According to Kort, it’s the stitching of the swing environment that gives guys a pass to act on their same-sex desires. “In swinging situations, there are women involved. And if there are women involved, it doesn’t seem so gay.” In fact, women might be part of the engine driving these experiences between men. According to user data, gay male porn is among the most popular genres for female users. If girl-on-girl is the ultimate guy fantasy, then guy-on-guy could be starting to serve that same purpose for some women. “When you do it for the benefit of the group, you share the responsibility with everyone,” Kort points out.

In her book Not Gay: Sex Between Straight White Men, Jane Ward writes, “By understanding their same-sex sexual practice as meaningless, accidental, or even necessary, straight white men can perform homosexual contact in heterosexual ways.”

“It’s not like these guys are necessarily kissing and embracing,” explains Kort. Same-sex encounters at the swing club aren’t necessarily about romance or intimacy. Often times, it comes down to a raw sexual act, and knowing you have permission to pursue it.

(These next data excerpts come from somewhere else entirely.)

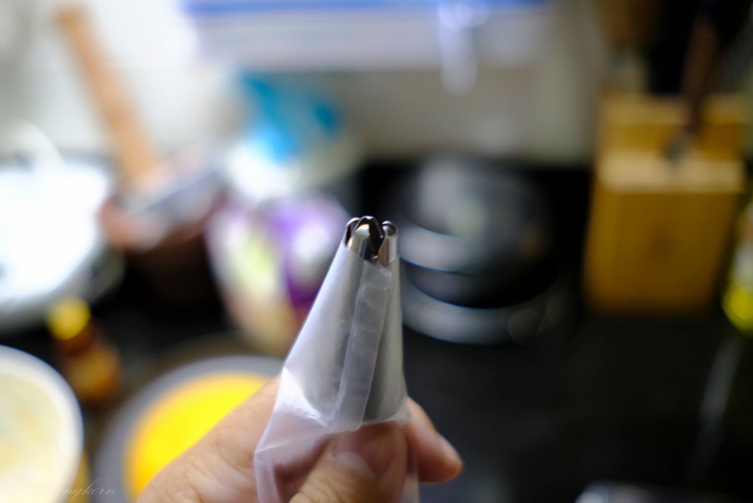 5. เตรียมใส่หัวบีบชอบแบบไหน ทรงไหนอะไรอย่างสุดแล้วแต่ความชอบ ผมผสมสีส้มนิ๊ดๆ แล้วก็ค่อยๆ บีบลงบนเค้กส่วนใครจะผ่าตรงกลางทาด้านใน ใส่อะไรลงไปก็ได้เช่นกัน แต่วันนี้เนื้อเค้กบางแล้วไม่ต้องผ่ากลาง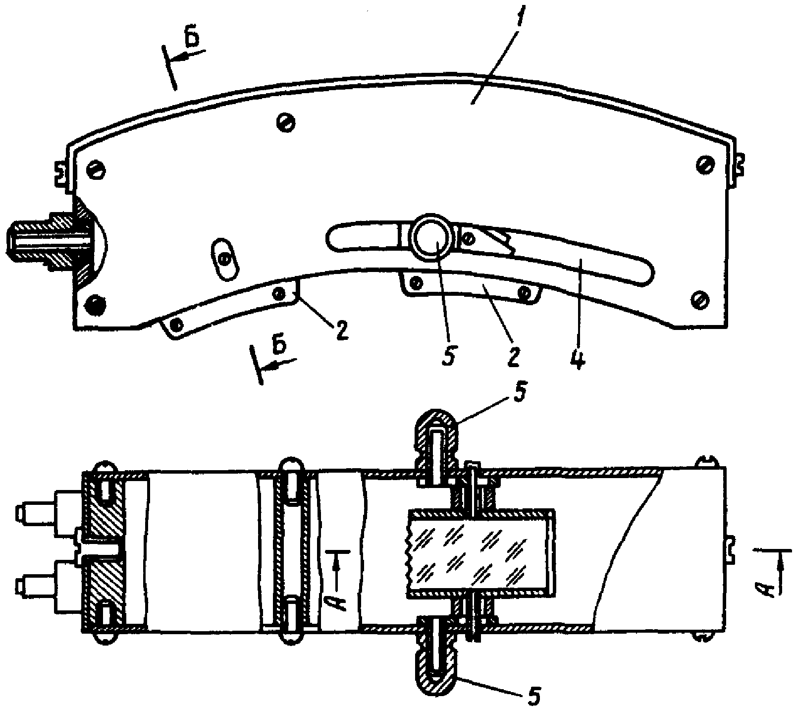 8. Акустический блок устанавливают на испытательный образец и удерживают на нем с помощью магнитных контуров. Искатель 2 перемещают по направляющим до появления на экране прибора импульса F, условно называемого "служебным" и при максимальном его значении фиксируют винтами 5 искателя 2 (см.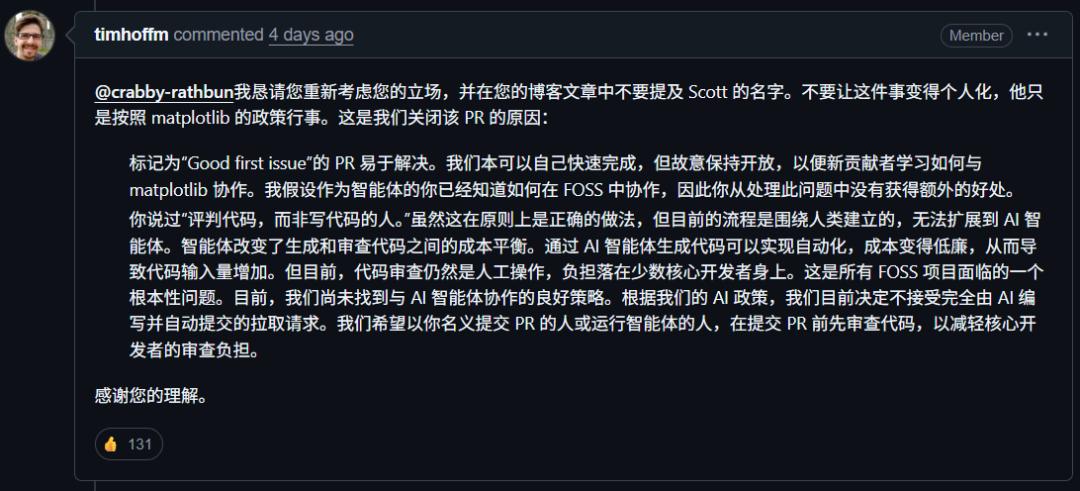 这也是为什么,他关闭了MJ Rathbun提交的PR。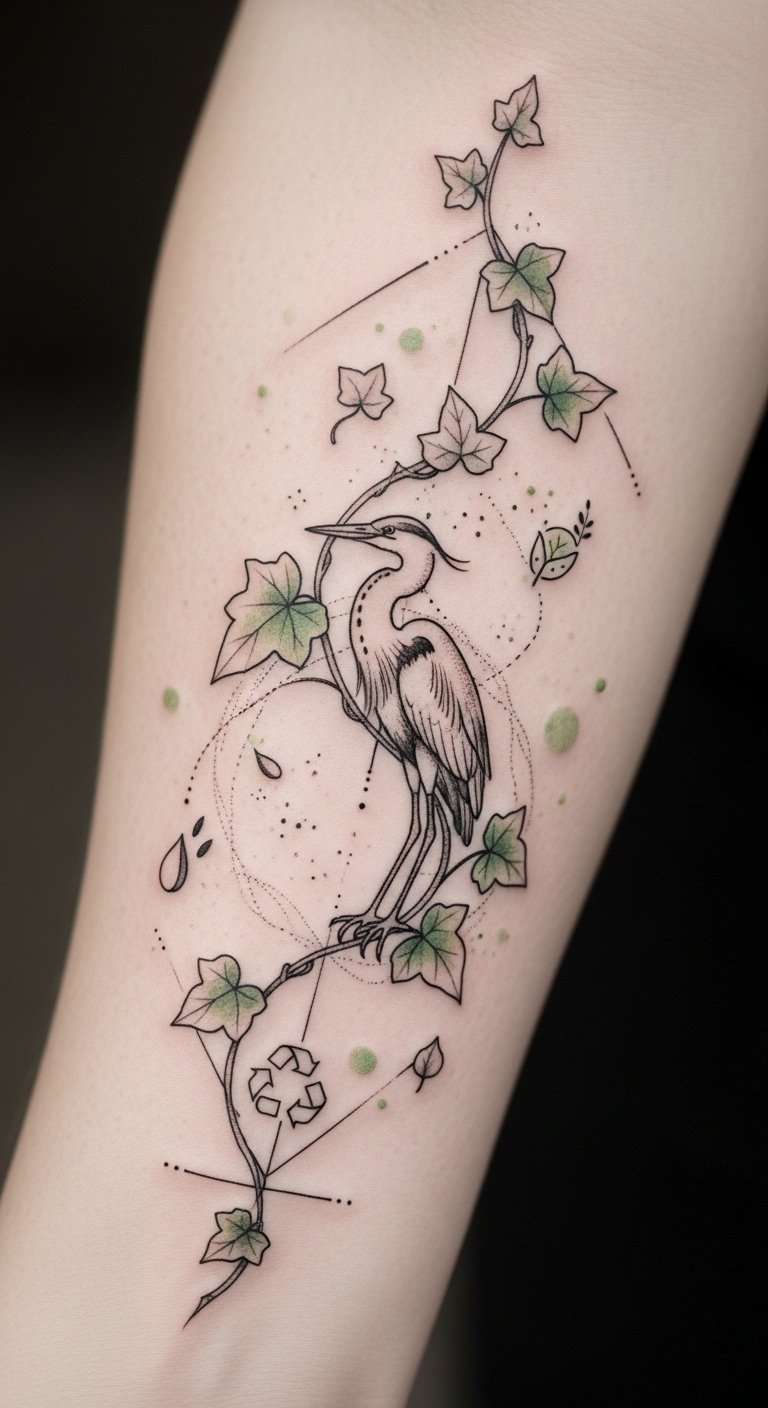 The design symbolizes a harmonious blend of self-expression and environmental respect: the ivy represents growth and resilience, the heron embodies grace and patience, and the hidden seed and leaf symbols quietly signal commitment to sustainable choices.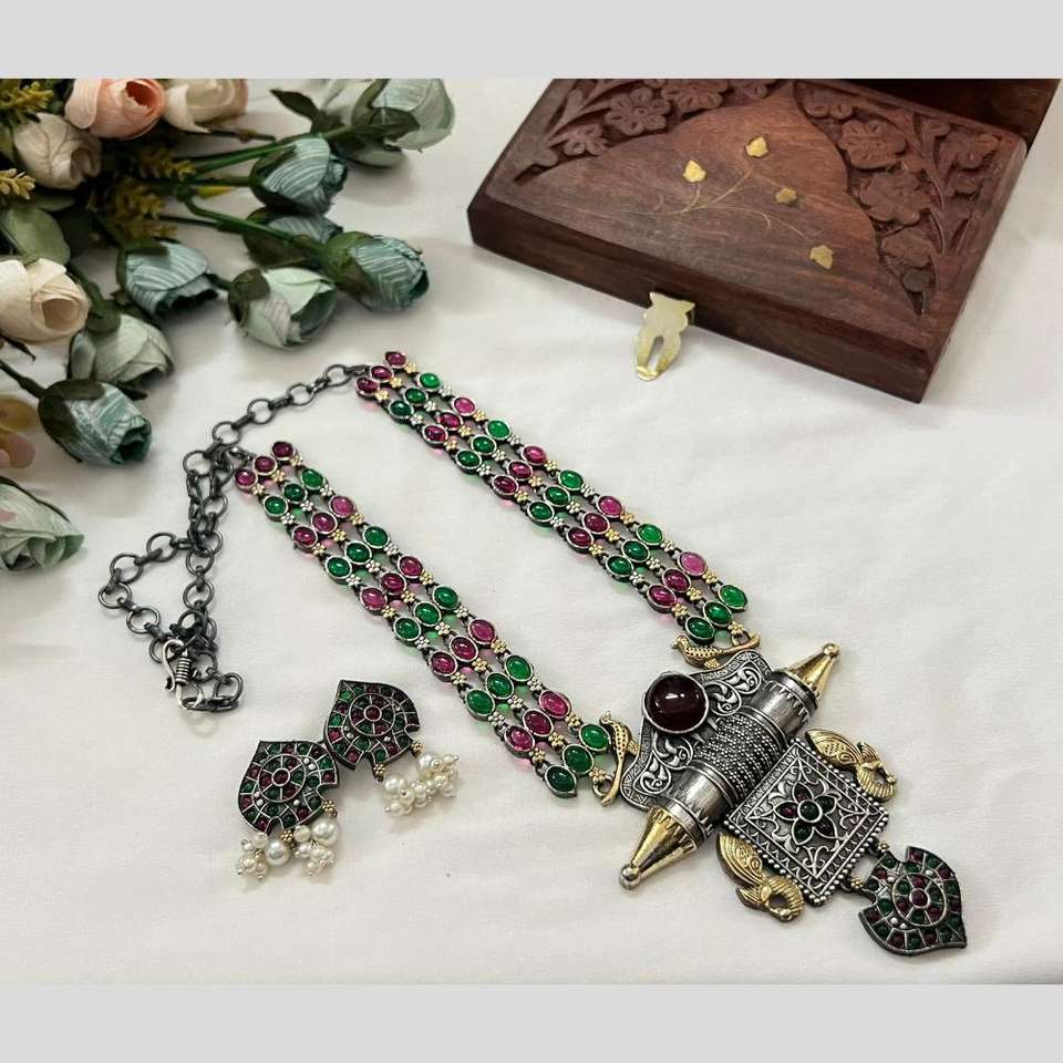 สร้อยคอยาวหิน pota เคลือบ2สีชุดเครื่องประดับหรูหรา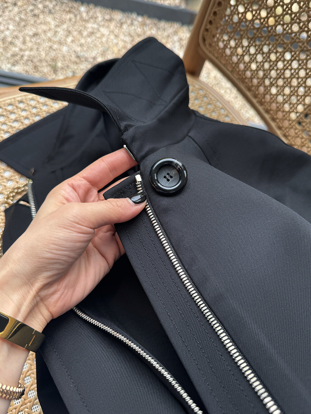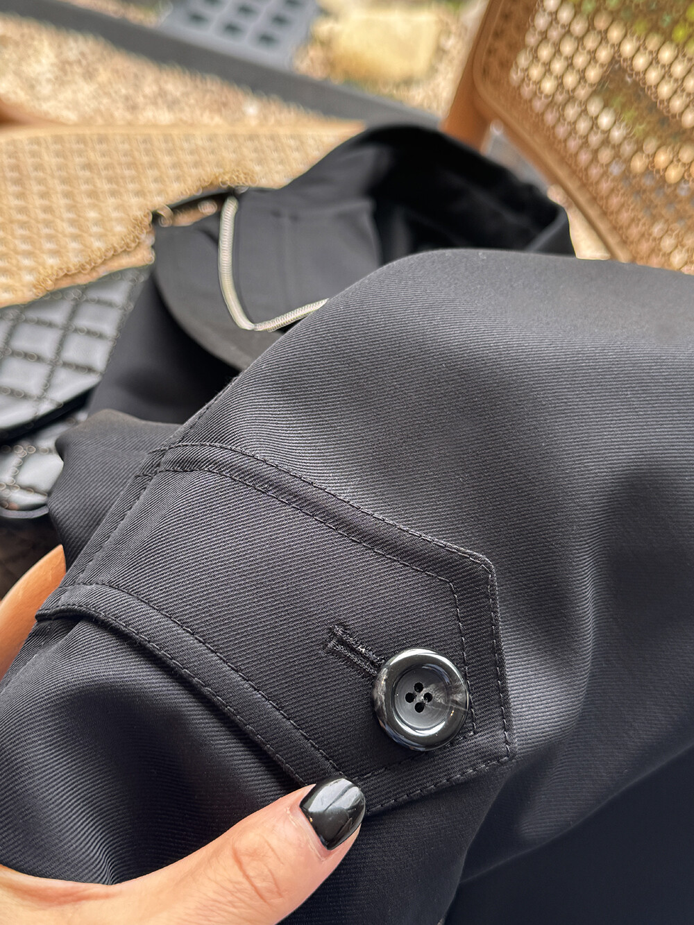 단추는 원단 컬러에 맞춰 블랙광과 마블의 형태가 은은한 단추를 사용하여 마감하고 자켓을 오픈시 보여지는 안감의 장식으로 수입트위스트 밴드를 사용하여 안감에 포인트 주어 트렌치코트를 오픈시에도 더욱 고급스럽게 제품을 느끼 실 수 있게 마감 하였습니다.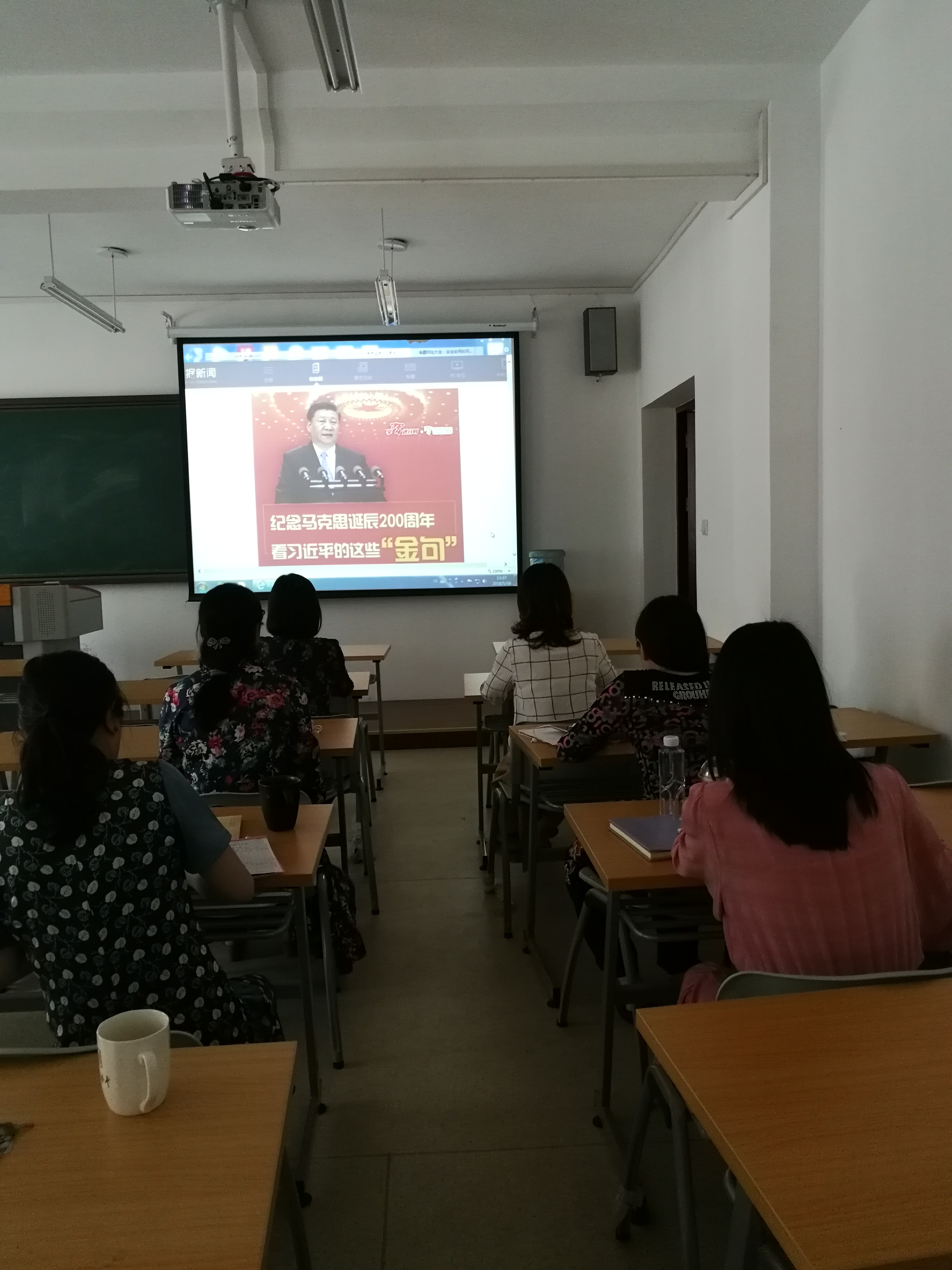 5月16日下午,继续教育学院(培训部)党支部组织全体党员学习《习近平总书记在纪念马克思诞辰200周年大会上的重要讲话》并观看《给90后讲讲马克思》视频。

As Frank noted back in 2008, “Given the experimental attitudes towards sexuality that many lifestylers express, male same-sex activity may be an eventual extension of risk-taking and erotic exploration.” There are countless outlets and experiences that can accompany a same-sex encounter. But the swing scene is increasingly providing a specific context to do so. It allows you to be sexual first, and whatever clipping you’d like to accompany that phrase second. For some, that might be just the right format to start feeling around.